Correction on float and int

valembe · 10-30-2008, 02:19 PM

Code:

#include "stdafx.h"
#include <iostream>
#include <fstream>
using namespace std;

int main()
{
	float d = 0.00;
	int x = 3, y = 9;
	
	d = x/y;
	
	cout<<d<<endl;
	return 0;
}

If i want a float result is the right way to do it??

CRC123 · 10-30-2008, 02:43 PM

Quote:

Originally Posted by valembe

Code:

#include "stdafx.h"
#include <iostream>
#include <fstream>
using namespace std;

int main()
{
	float d = 0.00;
	int x = 3, y = 9;
	
	d = x/y;
	
	cout<<d<<endl;
	return 0;
}

If i want a float result is the right way to do it??

No, x or y would need to be a float or cast to a float in order for d to have the actual floating point answer.

Search on google for 'implicit type conversion'

abolishtheun · 10-30-2008, 03:03 PM

The compiler first looks at "x/y", and performs integer division because neither x nor y are floats. Then after it gets that value, it sees the lvalue is a float, so it converts the result to a float.
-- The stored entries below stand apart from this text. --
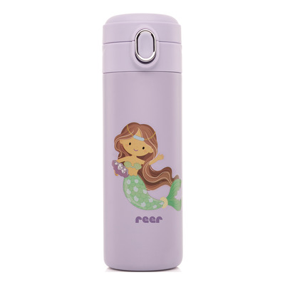 Reer Drikkedunk med sugerør Lilla er ideel til børn i børnehave, skole eller på ture. Den rummer 350 ml. væske og har et flot motiv med desmerdyr, som gør den ekstra attraktiv for børn. Drikkedunken har et praktisk sugerør, der automatisk kommer frem, når man trykker på knappen. Den er let at åbne, selv for små hænder, og gør det nemt for barnet at drikke selv.
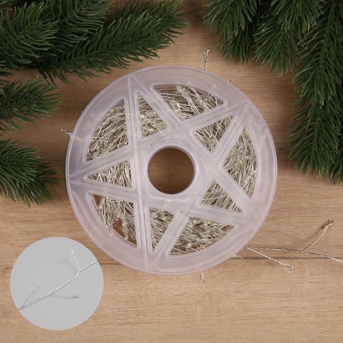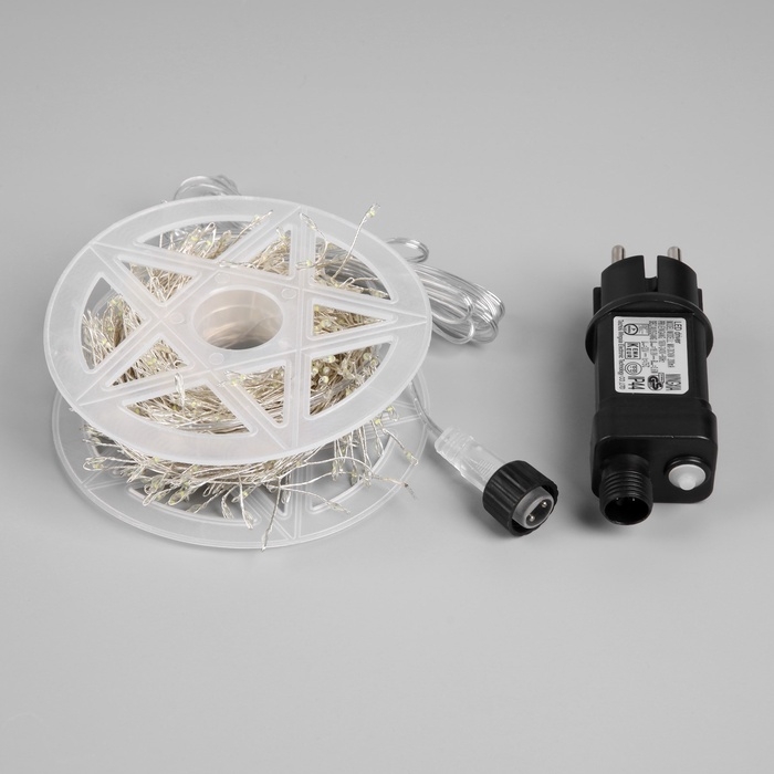 Гирлянда «Мишура» 20 м роса, IP44, серебристая нить, 600 LED, 8 режимов, свечение белое, 18 В
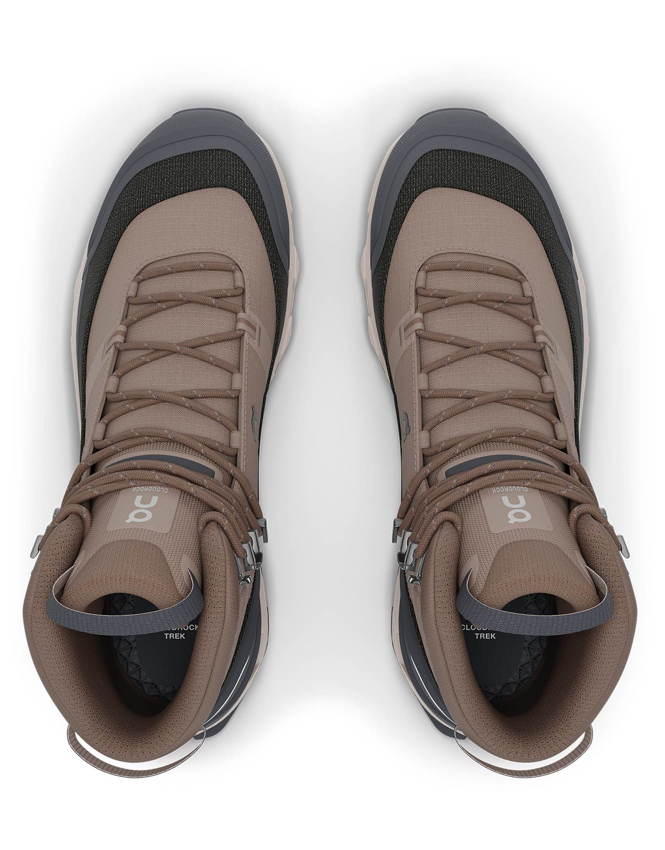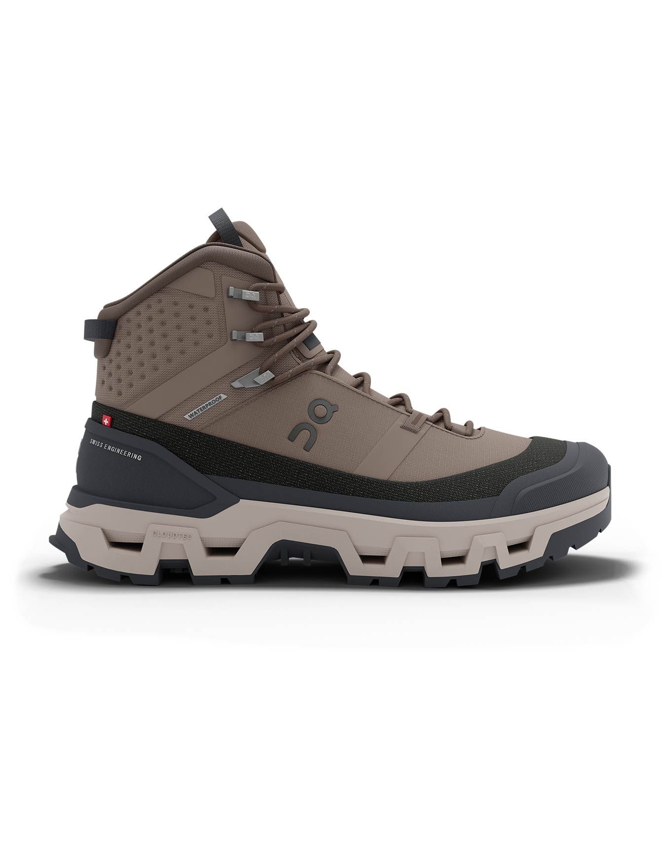 Chaussure de trekking homme On Running Cloudrock Trek WP Ash/Fog, membrane imperméable respirante, semelle Cloudtec® amortie, Missiongrip™ pour traction sèche ou humide, protection pare-pierre et maintien haut.
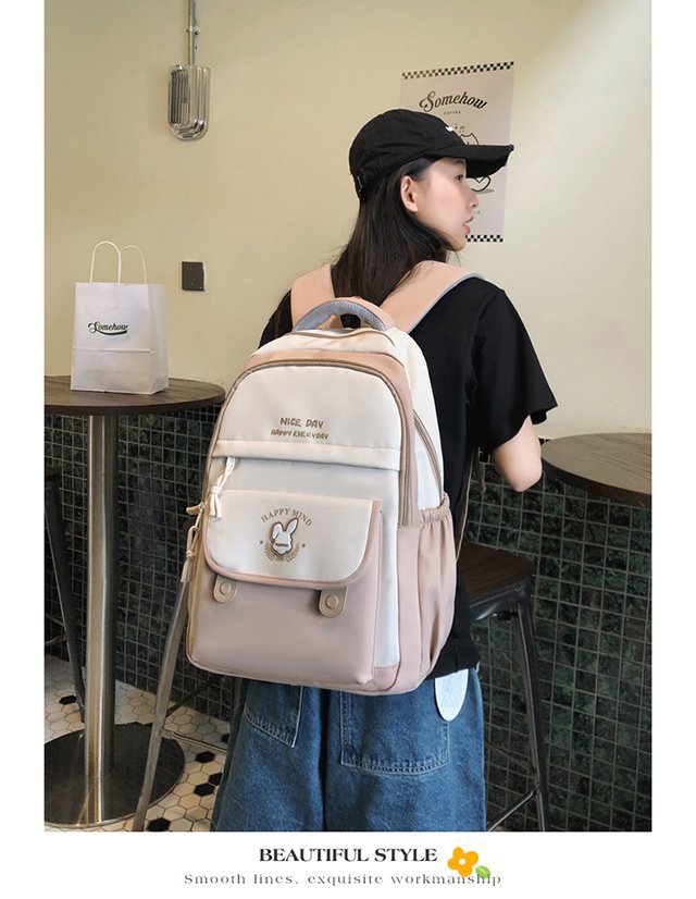 2024新款简约休闲撞色初高中学生上课双肩旅行背包

dmail · 10-30-2008, 08:09 PM

Adding to what others have said there is a floating point cast happening here.

Code:

float d = 0.00;

This is a double cast to a float, although initialisation is not required here it would be

Code:

float d = 0.f;

Just for completeness

Code:

#include <iostream>
int main()
{
	int x = 3, y = 9;
	float d( static_cast<float>(x)/y );
	std::cout<<d<<std::endl;
}

abolishtheun · 10-30-2008, 09:04 PM

why not just (float)x/y?

dmail · 10-31-2008, 05:59 AM

"why not just (float)x/y?"
Because that is a C cast and the code is C++. It was late when I posted that and it really should be static_cast I will fix the post.

valembe · 11-01-2008, 12:02 PM

Quote:

Originally Posted by dmail

"why not just (float)x/y?"
Because that is a C cast and the code is C++. It was late when I posted that and it really should be static_cast I will fix the post.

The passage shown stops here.